■ **ASSIGNED TASK**:
Beginning with the line containing "Made from a" and ending with the line containing "Athleta halter dress", write out each line of the records below exactly; pictures and lines outside that range are left out.
*** Opening of INFORMATION SHOWN ***
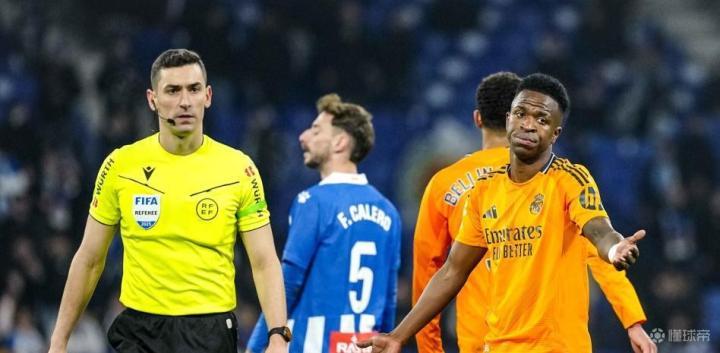 在西班牙人对阵皇家马德里的比赛中,维尼修斯在第21分钟为皇家马德里破门得分,但裁判穆尼兹-鲁伊斯取消了这个进球。
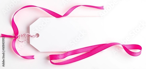 Obraz premium Blank gift tag with pink striped ribbon on white background, top view, texture, white background
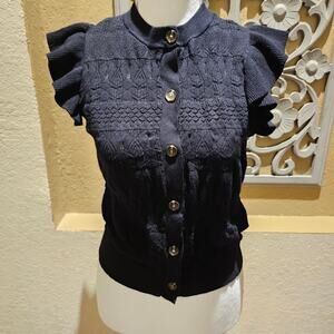 Made from a soft, breathable rayon-blend knit, it has gentle stretch and beautiful texture throughout. The design flatters the silhouette without clinging, and the short sleeves with ruffle detail bring a touch of romantic charm. In excellent condition, showing little to no signs of wear.
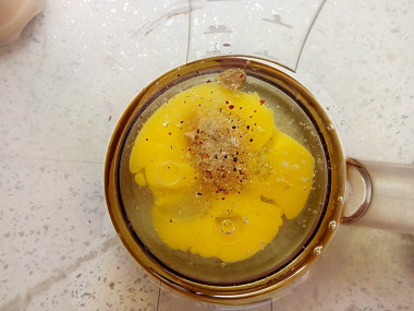 Возьмите высокий стакан от погружного блендера. Вбейте в него вымытые и высушенные яйца. Так как яйца не будут подвергаться термической обработке, отнеситесь к их выбору очень внимательно. Влейте к яйцам лимонный сок, добавьте горчицу, сахар, перец и соль по вкусу.
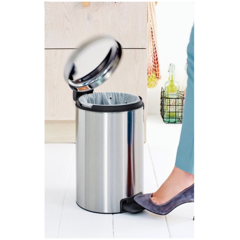 Brabantia koš s pedalom, 12 l predstavlja univerzalno rešitev za manjše prostore, saj zahvaljujoč svoji priročni velikosti ne bo zavzel veliko prostora. Zahvaljujoč svoji sodobni obliki je primeren tako za v kopalnico ali kuhinjo, kot tudi za v domačo pisarno ali kar v dnevno sobo.
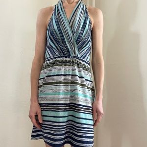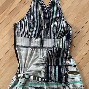 Athleta halter dress with elastic back and side zipper. Has removable cups in bodice.
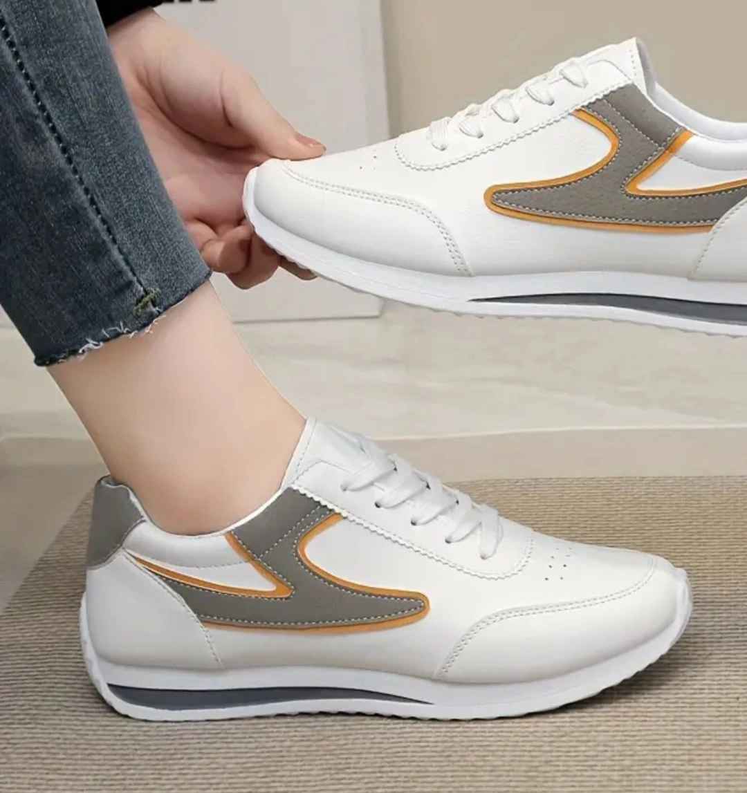 Selling a pair of white fashion sneakers in size 7.5. They feature a stylish design with grey and orange accents. These sneakers are perfect for everyday wear and are in great condition!
*** Close of INFORMATION SHOWN ***
■ **WRITTEN SOLUTION**:
 Made from a soft, breathable rayon-blend knit, it has gentle stretch and beautiful texture throughout. The design flatters the silhouette without clinging, and the short sleeves with ruffle detail bring a touch of romantic charm. In excellent condition, showing little to no signs of wear.
 Возьмите высокий стакан от погружного блендера. Вбейте в него вымытые и высушенные яйца. Так как яйца не будут подвергаться термической обработке, отнеситесь к их выбору очень внимательно. Влейте к яйцам лимонный сок, добавьте горчицу, сахар, перец и соль по вкусу.
 Brabantia koš s pedalom, 12 l predstavlja univerzalno rešitev za manjše prostore, saj zahvaljujoč svoji priročni velikosti ne bo zavzel veliko prostora. Zahvaljujoč svoji sodobni obliki je primeren tako za v kopalnico ali kuhinjo, kot tudi za v domačo pisarno ali kar v dnevno sobo.
 Athleta halter dress with elastic back and side zipper. Has removable cups in bodice.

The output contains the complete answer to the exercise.